Kuşkusuz sermaye piyasalarının büyümesine yönelik beklenti motivasyonu güçlendiriyor. Piyasanın taşıdığı büyüme potansiyeli göz önüne alındığında beklentinin belli bir zemini de yok değil. Neticede ülkemizde toplam tasarrufların sadece yüzde 5’i pay piyasalarına geliyor. Öte yandan borsa şirketlerinin toplam piyasa kapitilizasyonunun gayri safi yurtiçi hasılaya oranı yüzde 24’lerde iken gelişmekte olan ülkelerde bu oran yüzde 40’lara, gelişmiş ülkelerde ise yüzde 80’lerin üzerine çıkmakta. Bu da kat edilecek yol hakkında piyasa otoritelerine umut veriyor. 
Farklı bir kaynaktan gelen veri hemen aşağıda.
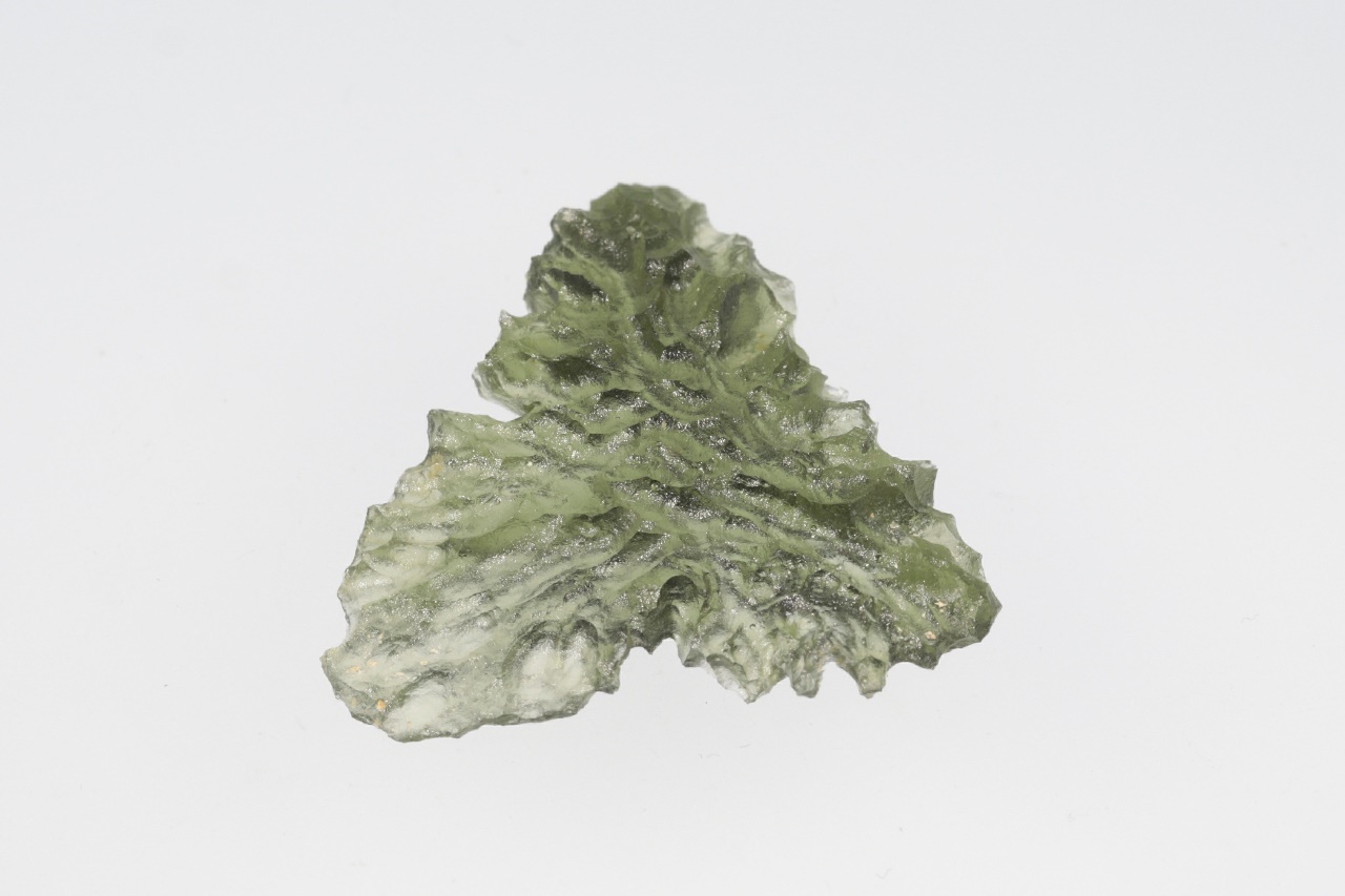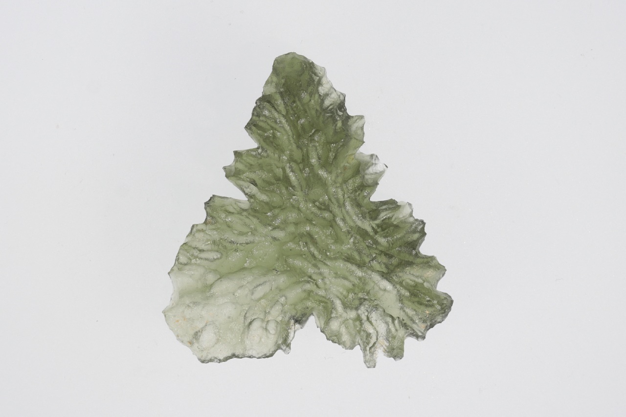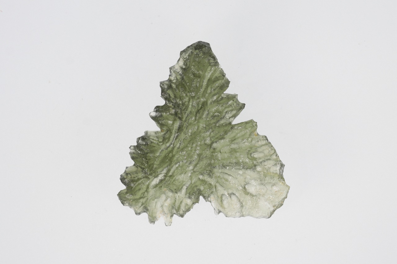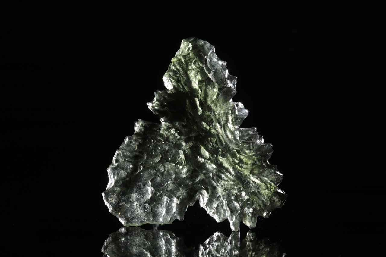 Krásný vltavín trojúhelníkového tvaru s výraznou skulptací z vyhlášené jihočeské lokality. Vzorek je zcela nepoškozený.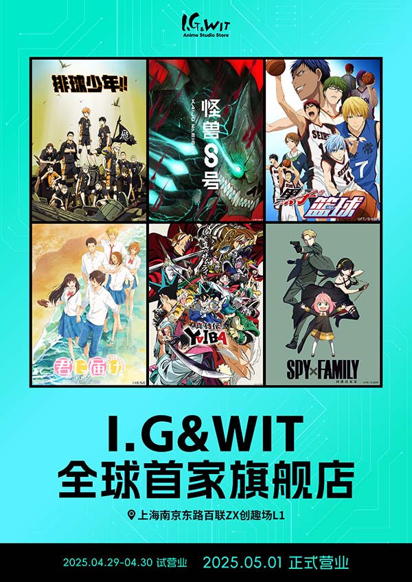 即将落地于上海百联ZX创趣场的Production I.G&WIT STUDIO线下店,为Production I.G&WIT STUDIO全球首家IP周边售卖旗舰店,同时还将汇聚《进击的巨人(Season1~3)》《间谍过家家》《排球少年!!》《YAIBA》《xxxHOLiC》系列《攻壳机动队》系列《黑子的篮球》《罪恶王冠》《怪兽8号》《银河英雄传说:全新命题》《好想告诉你》多个热门动画IP周边商品,为广大二次元粉丝打造“集合式”商品购物体验。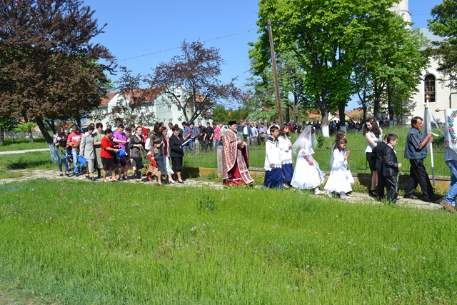 Celebrarea a început cu sfinţirea stâlpărilor, apoi cu o procesiune solemnă în jurul parcului în care se află statuia Sf. Ioan Nepomuk. La procesiune pe lângă credincioşii din parohie, au participat copiii îmbrăcaţi haine specifice pentru prima împărtăşanie, ca un semn al purităţii şi inocenţei, pe care şi-au dobândit-o printr-o spovedanie bună, însoţiţi de preotul Ioan Grad, parohul locului.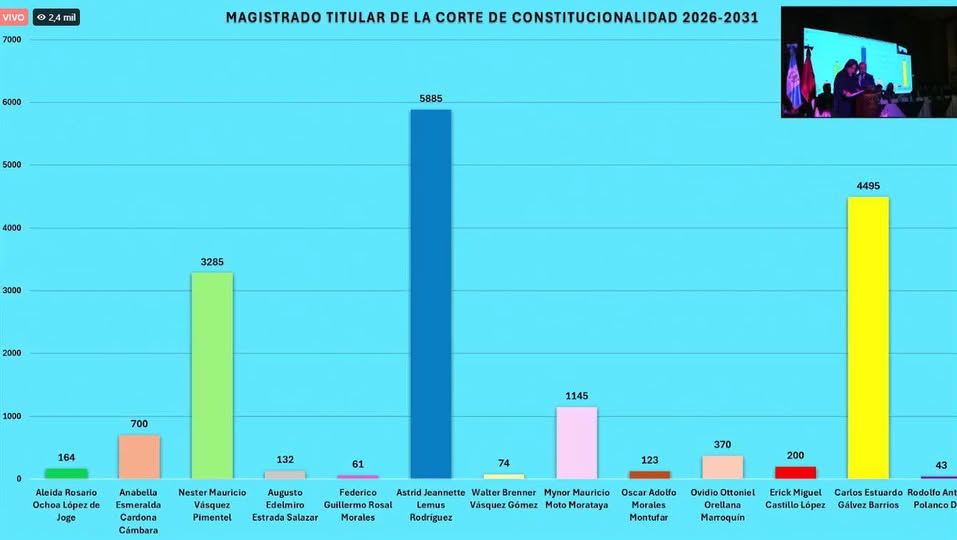 Al finalizar el conteo en las elecciones del Colegio de Abogados , Astrid Lemus y Estuardo Gálvez son los candidatos a magistrado titular de la Corte de Constitucionalidad CC que pasan a la segunda vuelta electoral del CANG.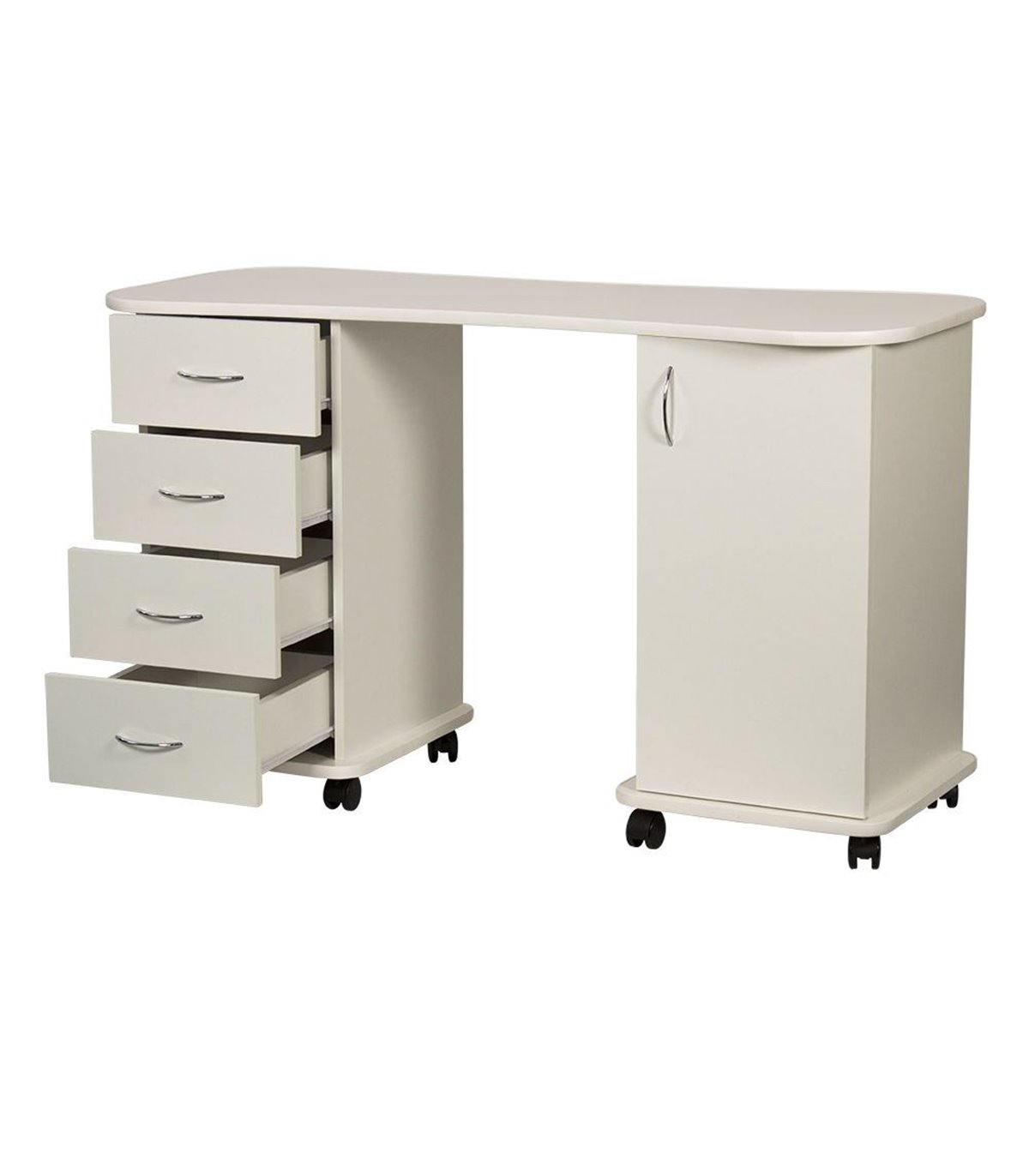 La Mesa de Manicura ofrece un amplio espacio de trabajo para los profesionales de la belleza. Su superficie es lo suficientemente grande para acomodar todos los utensilios y productos necesarios para realizar una manicura, lo que permite a los profesionales trabajar de manera eficiente y sin interrupciones.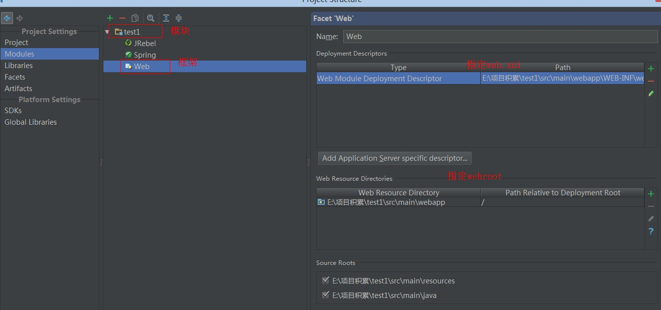 一般我们项目只是单独的一个,所以只需要配置一个模块,我们可以给模块添加框架

Yeri geldikçe her fırsatta dile getirilen piyasanın potansiyeline rağmen, kaygılarını ifade eden kimi uzmanları dinlediğimizdeyse gelişmeler hiç de iç açıcı değil. SPK Başkan Yardımcısı Tevfik Kınık, ilk halka arzların azaldığına dikkat çekerken bunun, küresel büyüme açısından oluşturduğu riski göz ardı etmemek gerektiğini hatırlatıyor. Kınık, küresel ölçekte borç ve özkaynak finansmanı arasındaki dengenin borç lehine bozulduğunu ve ilk halka arzların ciddi düzeyde azaldığını ifade ediyor. Benzeri tespitten yola çıkan bazı uzmanlar ise ileriye dönük kaygılarını dile getiriyor. Onlar FED’in faiz artırımının sermaye piyasalarını büyütebileceği yönündeki görüşe katılmadıkları gibi, aksine piyasada ciddi ağırlığa sahip yabancı yatırımcının çekilmesine yol açacak gelişmenin de başlangıcı olarak görüyor. Yerli yatırımcının zaten zayıf olduğu bir piyasada yabancı yatırımcının ağırlığını azaltması sermaye piyasasının daralmasıyla eş değerde nitelendiriliyior. Tasarruf sahiplerinin birikimini yönlendirmediği bir noktada firmaların halka açılmak için piyasaya gelmesinin ne denli sonuç doğuracağı ise tartışmalı bir hal alıyor. 

Halihazırda pay piyasasının yüzde 65,17’sinin yabancı yatırımcının elinde bulunduğu göz önüne alındığında dile getirilen eleştirinin hiç de dudak bükülecek bir tarafı olmadığı anlaşılıyor. Yabancı yatırımcının portföyünün bir kısmını çekmesi halinde dahi piyasanın nasıl etkilendiği geçmiş tecrübelerle sabit. Yabancıların satışa yönelmeleri durumunda genel olarak hisselerin değeri düşerken piyasa da küçülüyor. Türkiye’nin en büyük şirketlerinin sadece beşte birinin borsada işlem gördüğü bir ortamda dışarda kalmayı tercih eden firmaların, küçülen piyasada gelebilmesi daha da zor. Görünen o ki piyasanın kaynak oluşturabilmesi her şeyden önce ister yerli ister yabancı olsun yatırımcı ilgisini güçlendirmekten geçiyor.